Один он громко разговаривал в церкви, спокойно торговал свечами и дважды посылал сторожа и мальчиков собирать деньги. Потом звонко считал медяки, складывал стопочками и часто щёлкал замком; когда все валились на колени, он только наклонял голову и крестился; и видно было, что он считает себя близким и нужным богу человеком и знает, что без него богу было бы трудно устроить все так хорошо и в таком порядке. Давно, с начала поста, он сердился на о. Василия, что тот так долго исповедует: он не мог понять, какие могут быть у этих людей интересные и большие грехи, о которых стоило бы долго разговаривать. И относил это к неумению о. Василия жить и обращаться с людьми.
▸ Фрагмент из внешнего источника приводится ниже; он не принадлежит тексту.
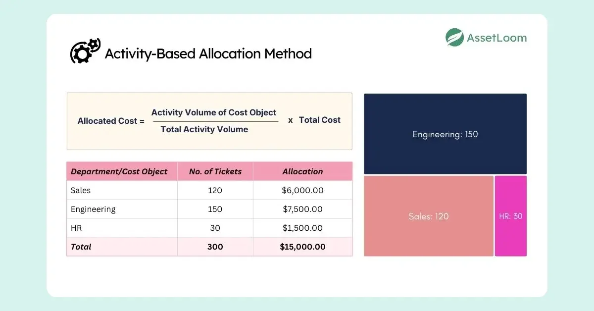 A company spends $15,000 per month on IT support. Sales generated 120 support tickets, Engineering 150, and HR 30, for a total of 300 tickets.
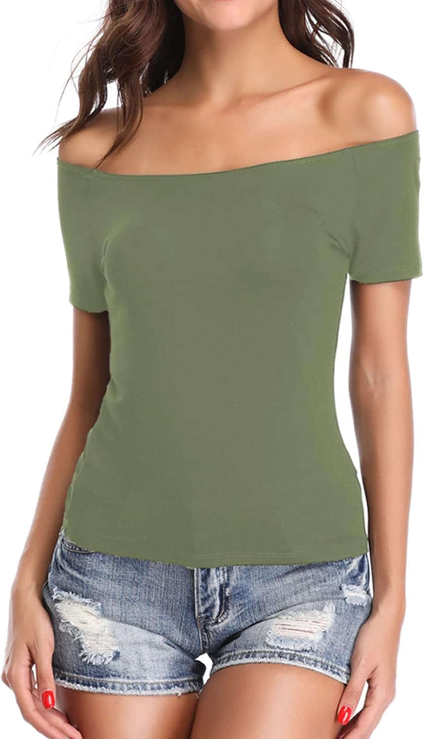 Women Off Shoulder Tops, One Shoulder Shirts, Short Sleeves Sexy Slim Fit Tees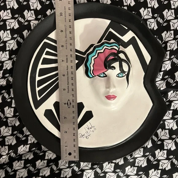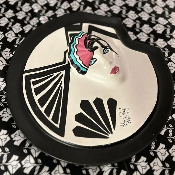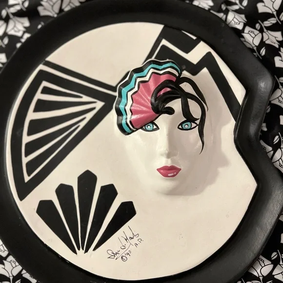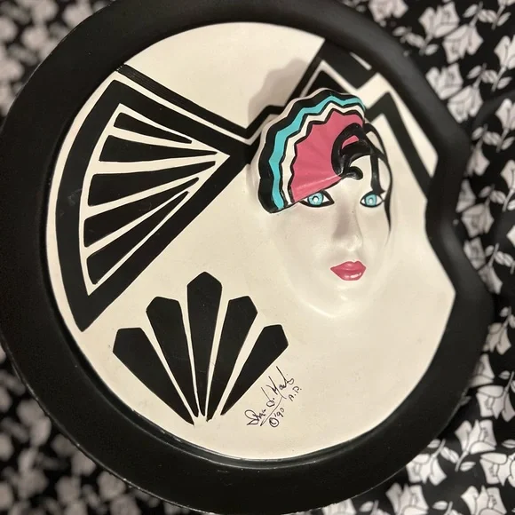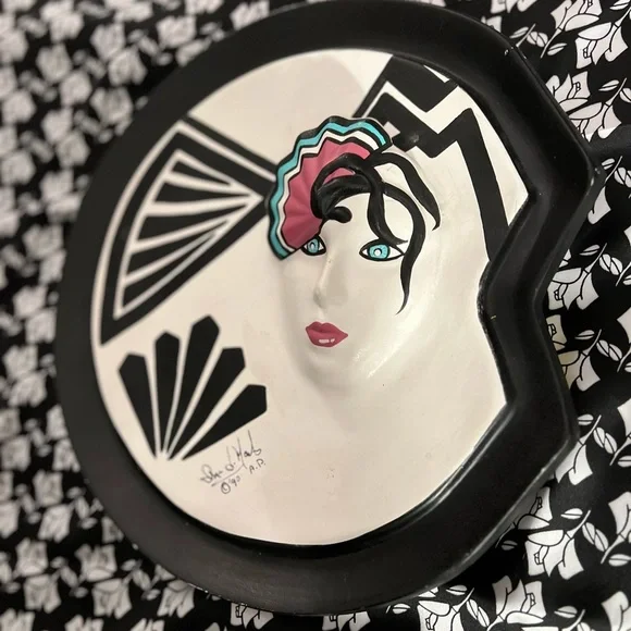 So funky and cool!Truly one of aKind.Kind of Art deco, kind of Retro, kind of avant guard.Family member bought at gallery event in 1990. Signed and dated by the artist.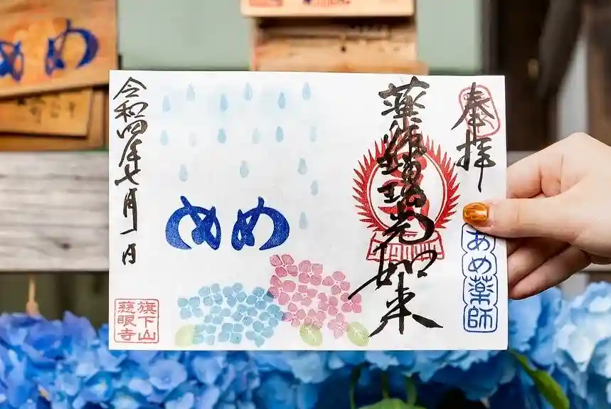 ☂️夏限定めめ御朱印「紫陽花に雨」

– Ты думаешь, они это оценят? – говорил он благодушному дьякону, измученному, как и весь причт, тяжёлой великопостной работой. – Нипочём. Над ним же смеяться будут.
Но то, что о. Василий был суров, нравилось ему, как и его большой рост; настоящий священнослужитель казался ему похожим на строгого и честного приказчика, который должен требовать точного и верного отчёта.